Pharbitin F (6) has the same molecular formula, C66H104O27, as 1, according to its HRESIMS data at m/z 1351.6663 [M + Na]+ (calcd 1351.6657). Alkaline hydrolysis of 1 and 6 afforded 2-Mba, CA and Octa in the CHCl3 layer. The sites of acylation of 6 were the same as 1, which was supported by the key HMBC correlation from Rha′′ H-4 (δH 6.06) to 2-Mba C-1 (δC 176.3), Rha′′ H-3 (δH 5.93) to CA C-1 (δC 166.5), Rha′ H-2 (δH 6.03) to Octa C-1 (δC 173.9). Moreover, 1H and 13C NMR data of 1 and 6 indicated that they share the same pentasaccharide skeleton. The only difference between 1 and 6 was the position of the lactonization. In the HMBC spectrum of 6, the H-3 proton of Rha resonated at δH 5.70 and showed an HMBC correlation to the carbonyl group that resonated at δC 175.0 (C-1 of Con), which suggested the lactone bond was linked at C-3 of Rha in 6 rather than at C-2 of Rha as in 1. Therefore, the structure of 6 was determined as shown.
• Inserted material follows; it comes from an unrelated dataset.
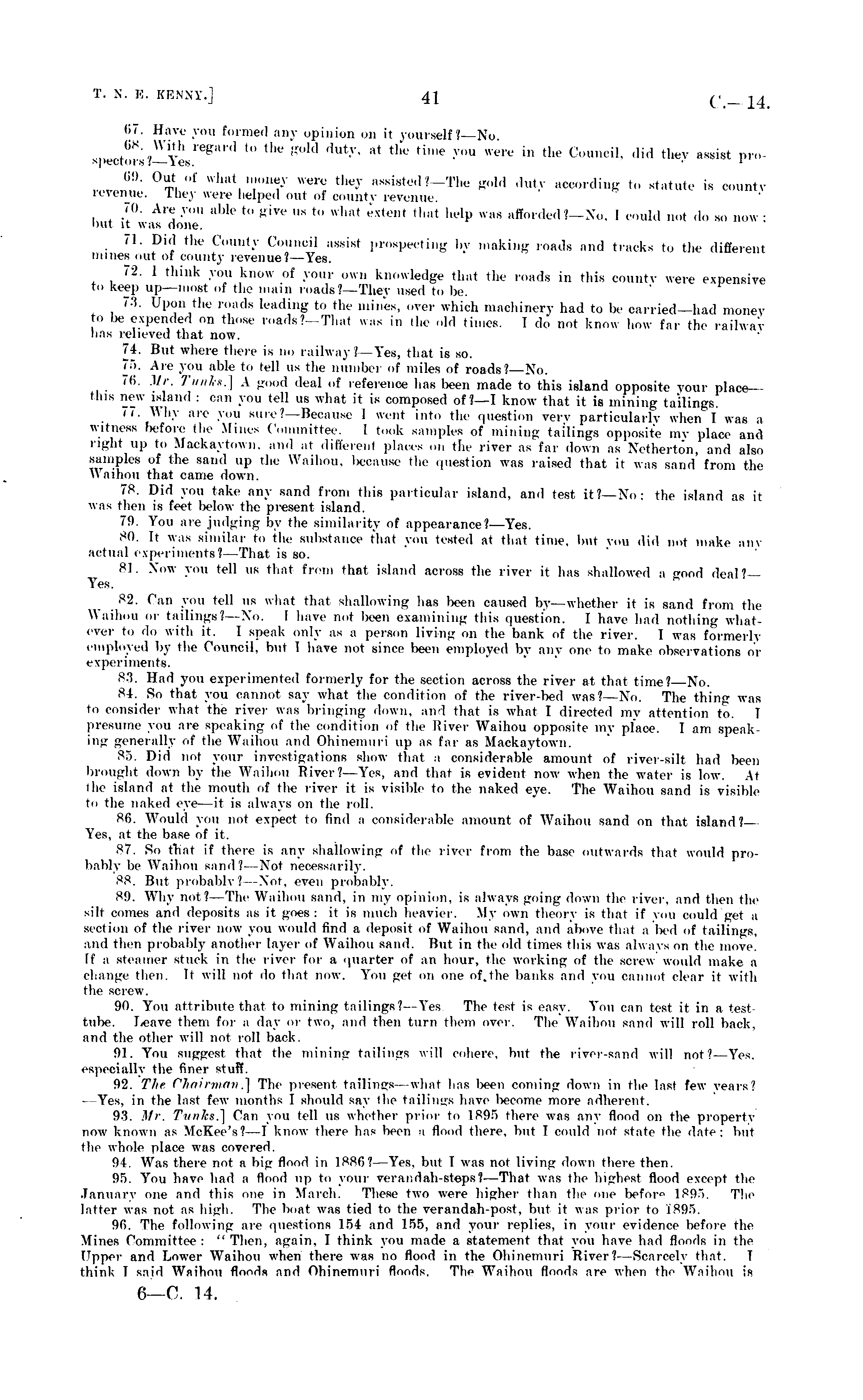 07. Have you formed any opinion on it yourself? No 68. With regard to the gold duty, at the time you were in the Council, did they assist pro specters : 1 es. • l 69- Out of what money were they assisted /-The gold duty according to statute is county revenue. 11,ey were helped out of county revenue. 70. Are you able lo give us to what extent .hat help was afforded /—No. I could not do so now ; out it was done. n. Did the County Council assist prospecting by making roads and tracks to the different mines out of county revenue?— Yes. 72. 1 think you know of your own knowledge that the roads in this county were expensive to keep up most of the main roads /-They used to be. ' 7.'i. Upon the roads leading to the mines, over which machinery had to be carried- had money to I K . expended on those roads?-That was in the old times. Ido not know how far the railway has relieved that now. 74. Hut where there is m, railway?— Yes, that is so. 75. Are you able to tell us the number of miles of roads/ No. _ To. Mr. Tunks.] \ good deal of reference has been made to this island opposite your place— this new island : can you tell us what it is composed of ?—I know that it is mining tailings. it. Why are you sure? -Because I went into the question very particularly when I was a witness before the Mines Committee. I took samples of mining tailings opposite my place and right up to Mackaytown. and at different places on the river as far down as Netherton, and also samples of the sand up ihe Waihou. because ihe question was raised that it was sand from the W aihoii that came down. 78. Did you take any sand from this particular island, and test it?—No: the island as it was then is feet below the present island. 79. You are judging by the similarity ~f appearance?— Yes. 80. 1, was similar to the substance thai you tested at that time, but you did not make any actual experiments?— That is so. 81. Now you tell us that from that island across the river it has shallowed a good deal?— Yes. 82. Can you tell us what that shallowing has been caused by—whether it is sand from the Waihou or tailings/--No. I have not been examining this question. f have had nothing whatever to do with it. I speak only as a person living on the bank of the river. 1 was formerly employed by the Council, but I have not since lieei, employed by any one to make observations or experiments. 83. Had you experimented formerly for the section across the river at that time? No. 84. So that you cannot say wdiat the condition of the river-bed was?— No. The thing was io consider what the river was bringing down, and that is what I directed my attention to. I presume you are speaking of the condition of the River Waihou opposite my place. lam speaking generally of the Waihou and Ohinemuri up as far as Mackaytown. 85. Did not your investigations show that a considerable amount of river-silt had been brought down by the Waihou River?— Yes, and that is evident now when the water is low. At the island at the mouth of the river it is visible to the naked eye. The Waihou sand is visible to the naked eye —it is always on the roll. 86. Would you not expect to find a considerable amount of Waihou sand on that island? Yes, at the base of it. 87. So that if there is any shallowing of the river from the base outwards that would probably be Waihou sand?— Not necessarily. 88. But probably? Not, even probably. 89. Why not? —The Waihou sand, in my opinion, is always going down the river, and then the silt conies and deposits as it goes :it is much heavier. My own theory is that if you could get a sectil f the river now you would find a deposit of Waihou sand, and above that a lx-,1 of tailings, and then probably another layer of Waihou sand. Hut in the old times this was alw ays on the move. If a steamer stuck in the river for a quarter of an hour, the working of the screw would make a change then. It will not do that now. You get on one of.the banks and you cannot clear it with the screw. 90. You attribute that to mining tailings?— Yes The test is easy. You can test it in a testtube. Leave them for a day or two, and then turn them over. The Waihou sand will roll hack, and the other will not roll back. 91. You suggest that the mining tailimrs will cohere, but the river-sand will not?— Yes. especially the finer stuff. 92. The Chairman.] The present tailings—what has been coming down in the last few years/ —Yes, in the last few months I should say ihe tailings have become more adherent. 93. Mr. Tunks.] Can you tell us whether prior to 1895 there was any flood on the property now known as McKee's?—l know there has been a. flood there, but T could not state the dale: but the whole place was covered. 94. Was there not a big flood in 1880?— Yes, but I was not living down there then. 95. You have had a flood up to your verandah-steps?— That was Ihe highest flood except the January one and this one in March. These two were higher than tl ne before 1895. The latter was not as high. The boat was tied to the verandah-post, but it was prior to 1895. 96. The following are questions 154 and 155, and your replies, in your evidence before the Mines Committee: '-Then, again. I think you made a statement that you have had floods in the Upper and Lower Waihou when there was no flood in the Ohinemuri River?— Scarcely that. T think. I said Waihou floods and Ohinemuri floods. The Waihou floods are when the Waihou is

Pharbitin G (7) has the same molecular formula, C59H102O26, as 4, according to its HRESIMS data at m/z 1249.6550 [M + Na]+ (calcd 1249.6552). 1D NMR and the HMBC spectrum, together with the alkaline hydrolysis analysis, suggested 4 and 7 share the same pentasaccharide skeleton, same acyl functions (2-Mba, Deca) and same sites of acylation (OH-4 of Rha′′ was acylated by 2-Mba, OH-2 of Rha′ was acylated by Deca). The only difference between 4 and 7 was the position of the lactonization. The lactonization site was bonded at C-3 of Rha for 7, while at C-2 of Rha for 4, on the basis of corresponding HMBC correlation: δH 5.68 (Rha H-3) to δC 175.0 (Con C-1) in 7, δH 6.01 (Rha H-2) to δC 173.7 (Con C-1) in 4. Thus, the structure of 7 was determined as shown.
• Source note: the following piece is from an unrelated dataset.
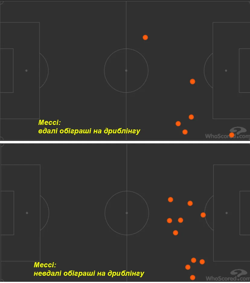 Не пошло у Месси и с обыгрышам. Ну, как не пошло: когда футболист 7 раз проходит соперника на дриблинге – это уже гениально, но у Лео было 17 попыток. Впрочем, даже до этого не так много претензий, как к зонам, в которых происходили эти обыгрыши – аргентинца явно выталкивали во фланг, а вот в ключевых зонах ему прохода не давали.

Isolates (1–4 and 6) were examined for their multidrug resistance (MDR) reversal activities in KB/VCR and A549/T cells using the SRB method, while in K562/ADR cell using the MTT method (Tables 4 and S1). However, only the KB/VCR cell line showed favorable results and as such we proceeded to carry out further experiments with this cell line. The MDR reversal activity in KB/VCR is described below.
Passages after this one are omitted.